The CDC’s Advisory Committee on Immunization Practices has determined, so far, that the benefits exceed the risks. I don’t expect to see them change their recommendations based on these findings, but there is still much to learn. As an editorial accompanying these studies notes, “Many questions remain to be resolved: Is the risk of intussusception similar with the two vaccines? What is the mechanism for the event? Can we identify a subgroup of infants who may be at increased risk?” More research will hopefully reveal some answers.
EDITED TO ADD: I was asked in a Facebook post what I thought about the risk-benefit analysis here. I provided my *personal* opinion , which is nothing more than my personal layman opinion, and I am not a doctor, nor do I have clinical experience. What I did was list what was known about the risks and benefits, and so I’m updating this post with what I said there.
There is definitely an increased risk of intussusception being observed among rotavirus recipients. The questions now are why and whether some kids are more susceptible than others. I can understand people who would want to skip it with that risk since rotavirus is one of the very few vaccines we protect against in the US that is unlikely to cause death *in the US*. (It’s a leading killer of kids worldwide, but that’s because of inability to get adequate medical care once they get the virus which most do. They die of dehydration usually, as with cholera.)
At the same time, consider the following:
–The risk of intussusception is still very low in rotavirus vaccine recipients.

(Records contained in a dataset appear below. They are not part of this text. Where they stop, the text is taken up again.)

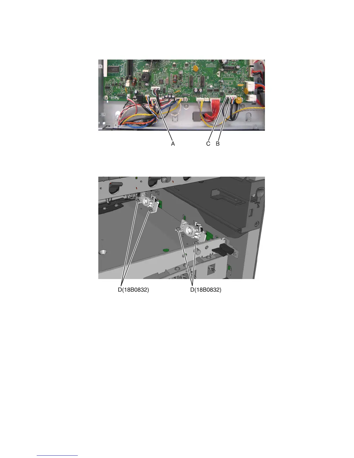 3 Disconnect the toner density sensor cable from JTDS1 connector (A) or JTDS2 connector (B) on the controller board.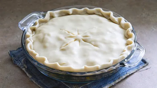 Step5Unroll pie crust; place over filling. Flute pie crust edge; cut small slits in several places in crust to vent.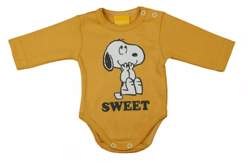Hosszú ujjú baba body Snoopy mintával Kisbabák ruhatárának praktikus alapdarabja a body. Ez a cuki Snoopy mintával nyomott baba body minőségi, bababarát 100% pamut anyagból készült, szín- és formatartó anyagból, ami jól bírja a gyakori mosást is. Vállán patentos, így megkönnyíti a baba öltöztetését. A lába közötti patentos megoldás, pedig a gyors peluscserét teszi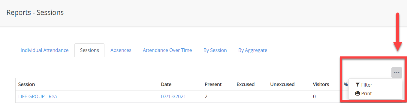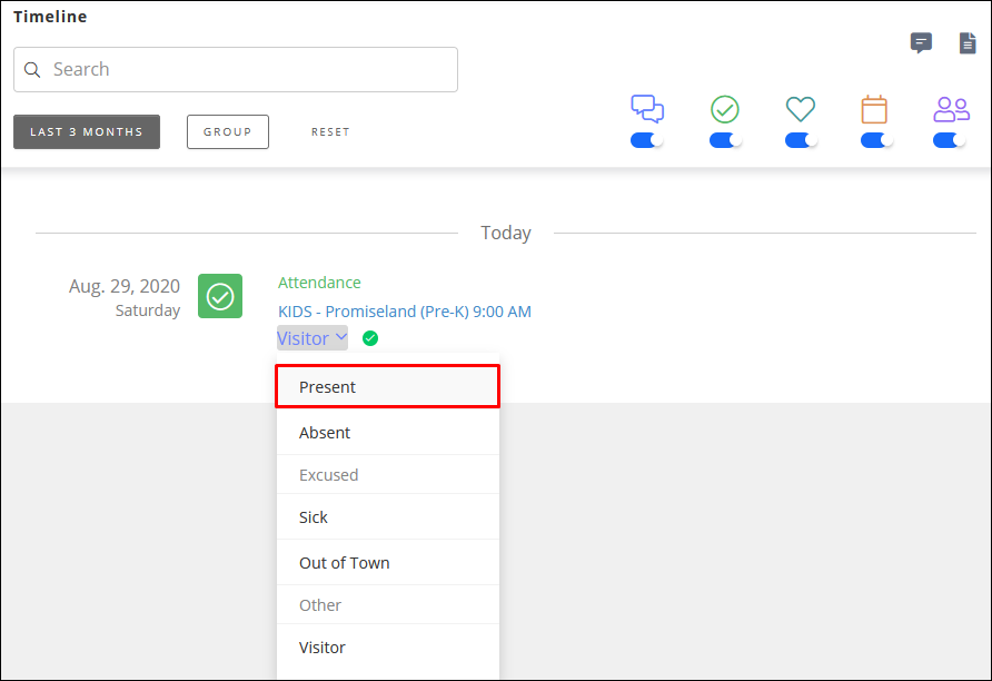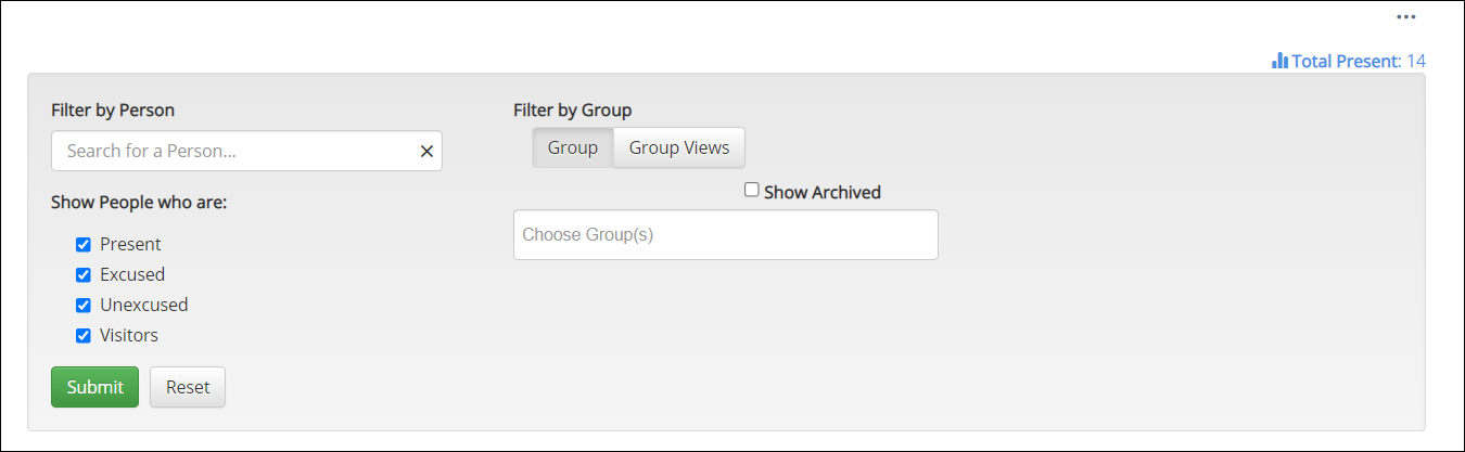 Use the Filter tools to find: a particular member(s), filter based on attendance status, and/or filter based on Group or Group Views.

–The risk of getting rotavirus without being vaccination (even now with high immunization rates) is higher than the risk of intussusception with the vaccine (in raw numbers).

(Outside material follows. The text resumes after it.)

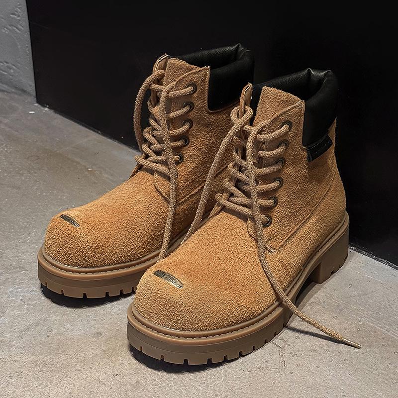 Mickey Yellow Herren Retro Motorrad-Martin-Stiefel mit dicken Sohlen und Höhenverstärkung

–Intussusception has clear clinical symptoms and, as long as it is identified in a timely way, can be treated in one of three ways with good outcomes. (Also, the fact that occurs, if it’s going to occur, within the first three weeks after vaccination provides a clearly defined time period in which parents and doctors can watch for symptoms.)

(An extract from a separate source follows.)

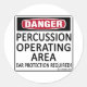 Danger, Percussion Operating Area! Ear Protection Required! This is fair warning to anyone around the percussionists. See all our musical designs on on cups, mugs, tee shirts, sweatshirts, hats, and other gifts and clothing.

–First-line treatment for intussusception does not require surgery; if that fails, it does require surgery (which rotavirus does not require).
–Rotavirus also has clear symptoms but can’t really be treated beyond providing fluids while it runs its course.
–Both rotavirus and intussusception often require hospitalization.
–Both rotavirus and intussusception can ultimately cause death if not treated or if complications develop. The rates of death for each one, in the US, are likely pretty similar and very rare for both. (In developing countries, the risk of death with rotavirus is likely considerably higher than the risk of death with intussusception.)
Given all those facts, I *personally* think the risk-benefit analysis leans toward getting the vaccine. My reasoning is that the danger, complications, hassle, pain, cost and mortality risks of both conditions are very comparable, but in raw numbers, a kid is much more likely to get rotavirus without the vaccine (it’s still common) than to get intussusception with the vaccine. So it comes down to a numbers game for me. Others may see it differently.